Он прокрался внутрь, все еще опасаясь, что Риззоли где-то поблизости, а затем просигнализировал вопрос Дженни, для подстраховки. Она покачала головой, насколько смогла, и он быстро подошел к связанной паре. На лице Мартина не отражалось ни капли смущения, а в широко распахнутых глазах определенно горело возбуждение. Рот его тоже был заткнут, но при помощи тонкого черного ремешка, застегнутого на затылке и крепящегося к чему-то вроде красного мячика между губами. К вопросу о мясных аналогиях, подумал краснеющий Ричард: Мартин походил на молочного поросенка.
Мартин согнулся, выставив челюсть, словно у него заложило уши, и выпихнул шарик на подбородок. Ричард понимал, что наблюдает за всем этим с неприкрытым отвращением, но сейчас ему было не до светских любезностей. Выпихнув шарик, Мартин удовлетворенно вздохнул.
— Ричард, — произнес он, оглядывая того с головы до ног, — на кого ты похож?
Ричард всегда самым тщательным образом старался подготовиться к любым случайностям. Он не имел склонности к спонтанным решениям или действиям по наитию — может быть, именно это стало причиной нынешнего плачевного состояния его брака, — но буквально ничто в мире не могло подготовить его ни к этой ситуации, ни к этому вопросу. У него чуть земля не ушла из-под ног. Он замер, пытаясь каким-то образом осознать вопрос Мартина, и в этот момент краем глаза уловил свое отражение в ростовом зеркале на двери. Одетый в черное, с вязаной шапочкой не по размеру на макушке и лицом, вымазанным какой-то грязью, он совершенно точно мог вызвать вопросы у обычного прохожего. Но, господи помилуй, для половинки связанного латексом бутерброда из двух пухлых извращенцев, да еще и с зажимами для бумаг на сосках, комментировать чей-то выбор вечернего наряда было верхом наглости. Ему нестерпимо захотелось снова сунуть красный шарик Мартину в рот.

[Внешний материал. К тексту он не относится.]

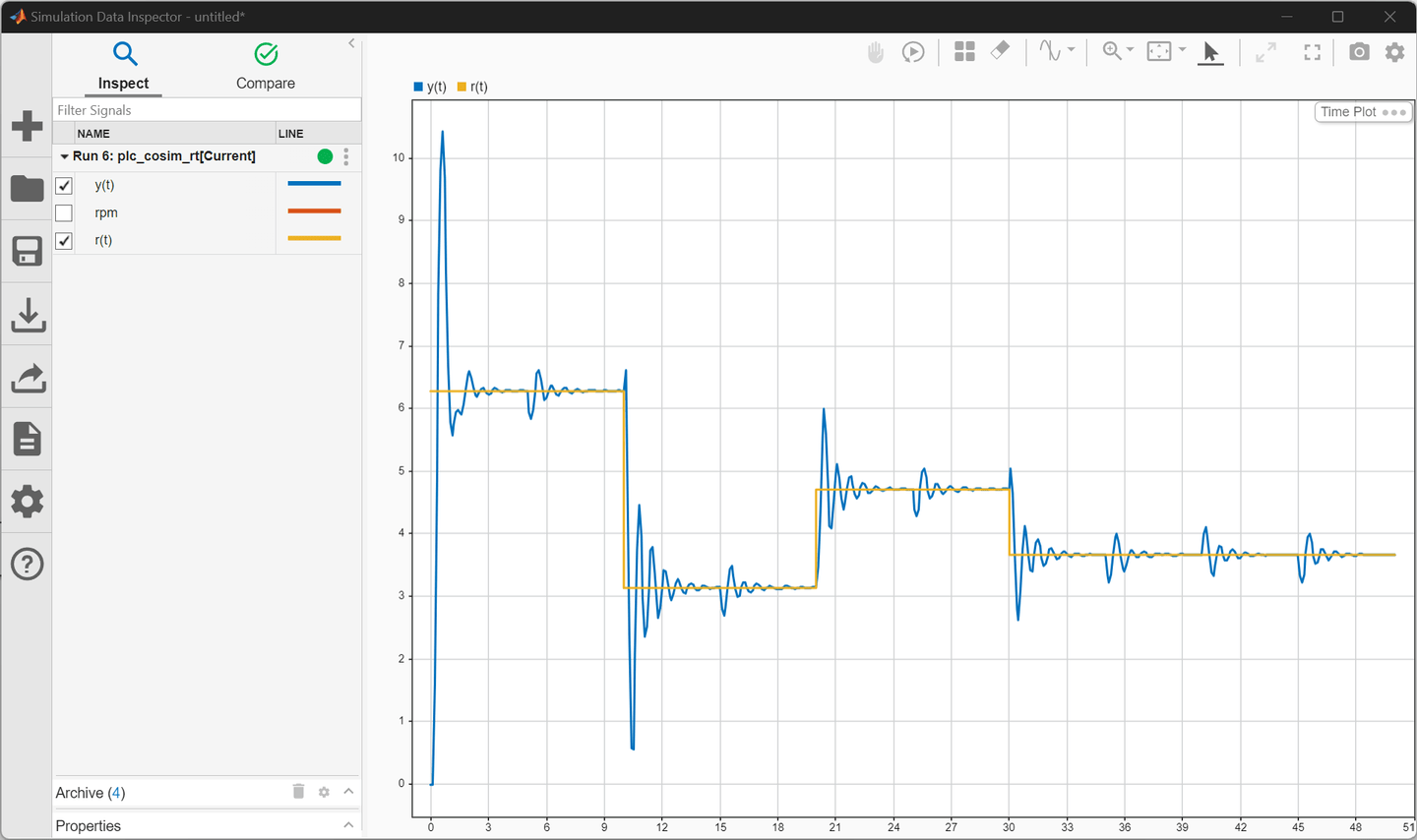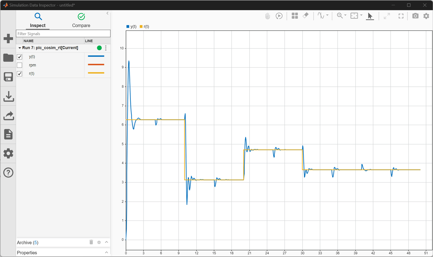 After the Simulink model simulation ends, in CODESYS, click Debug > Stop. In Simulink, in the Simulation tab, in the Review Results section, click Data Inspector. Select r(t) and y(t) to observe the co-simulation results.

— Что случилось? — спросил Ричард некоторое время спустя, проигнорировав вопрос, который — он был в этом уверен — как и многое из этого вечера, будет преследовать его вечно.
— Извини, Ричард, что ты сказал?
Тут Ричард с тоскливой безнадежностью понял, что его глиняная маска затвердела, губы больше неспособны свободно двигаться и потому он разговаривает как плохой чревовещатель. Он закатил глаза и всплеснул руками.

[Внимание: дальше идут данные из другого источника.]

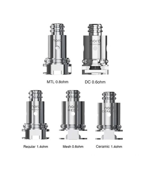 Smok Nord Coil, iki farklı tipte gelir: Normal ve Mesh. Nord Regular, 0,6 Ohm olarak derecelendirilmiştir ve Kanthal Mesh tel kullanır, DL hava akışına sahiptir. Nord Mesh ise 1,4 Ohm olarak derecelendirilmiştir, Kanthal tel kullanır ve MTL kullanımı için tasarlanmıştır. Smok Nord Coil, üstte iki o-halkası ve hızlı tak ve çalıştır sistemi için tabanda bir o-halkası daha bulundurur.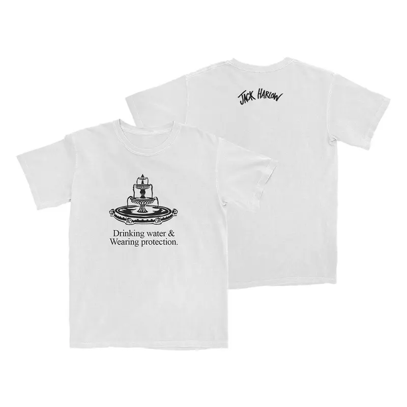 The Jack Harlow ‘Drinking Water T-Shirt’ features an image of a water fountain and ‘Drink water & Wearing protection.’ written underneath on the front of the shirt. The back features the Jack Harlow logo. This design is printed on a white unisex t-shirt.

— Ч… о сл… ч… л… сь? — выделил он. — …рости…энни, — и нагнулся, пытаясь отклеить ленту от ее рта.
— Отрывать нужно резко, старик, — посоветовал Мартин через плечо, — ей так больше нравится.

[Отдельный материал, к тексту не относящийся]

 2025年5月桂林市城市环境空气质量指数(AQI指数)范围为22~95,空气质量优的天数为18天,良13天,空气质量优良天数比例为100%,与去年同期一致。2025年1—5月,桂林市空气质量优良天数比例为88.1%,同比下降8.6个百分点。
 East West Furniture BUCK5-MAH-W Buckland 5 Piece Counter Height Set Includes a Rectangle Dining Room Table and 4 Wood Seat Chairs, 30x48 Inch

Ричард отвел глаза, срывая ленту. Дженни взвизгнула от удовольствия, и Ричард, не удержавшись, хмыкнул, точнее, попытался.
— Говорил же, — сказал Мартин, словно давал советы по замене колеса.
— Т… к ч… о сл… ч… л… сь? — Ричард уже не пытался скрыть нетерпение.
— Ну, у нас был чудесный вечер, да, милая?
— Чудесный, — подтвердила Дженни, поджимая губы, чтобы немного их размять.
— Мы играли в шарады. Это была идея Дженни, нашей зажигалочки. Пришла ее очередь, я про эту Риззоли, и она загадала совсем простую шараду. Они вроде как сказали, что хотят играть на французском, чтобы подучить язык, но серьезно: «большое поле»? В общем, я же говорил, слишком просто. Большое поле? Даже не книга или вроде того?
Во время этого объяснения Ричард старательно шевелил губами и челюстью, чтобы вернуть себе способность свободно разговаривать.
— Граншо[56], — произнес он медленно, но, к счастью, чисто.
Дженни дернулась, как будто хотела указать на свой нос и на Ричарда, но веревки ей не позволили.
— Да, именно, Ричард! Тогда-то я и вспомнила, что мсье Граншо снова забронировал комнату, на нынешнюю ночь. Он прибыл после обеда, да, дорогой?
— Да. — Мартин кивнул, и красный шарик качнулся на подбородке, как вырвавшееся на свободу адамово яблоко. — Однако, что странно, он как будто не помнил, что уже бывал здесь. Когда он регистрировался, Дженни спросила: «Разве вы не помните, что уже бывали здесь, дружок?» И это, похоже, почему-то его напугало. Бедный старикан, никто не любит, когда им напоминают об их провалах. В общем, он просто уехал.
— Но что случилось с Риззоли?
— Ну, мы пытались им все это объяснить, но дошли только до бронирования номера, а не до его бегства. Они разволновались, и, м-м-м, ну, возможно, мы их просто неправильно поняли. И не успел я, так сказать, и руки распустить, как мы уже были упакованы. Вот как сейчас. А они просто свалили!
— Как давно? — яростно спросил Ричард.
— Не знаю, не очень. Минут десять назад.
Ричард поднялся, а затем снова опустился на колени, чтобы развязать путы на Томпсонах.
— О, не беспокойся, старик. — Мартину хватило совести произнести это извиняющимся тоном. — Просто запихни шарик назад и наклей кусок ленты на Дженни, нам больше и не надо.
— Но…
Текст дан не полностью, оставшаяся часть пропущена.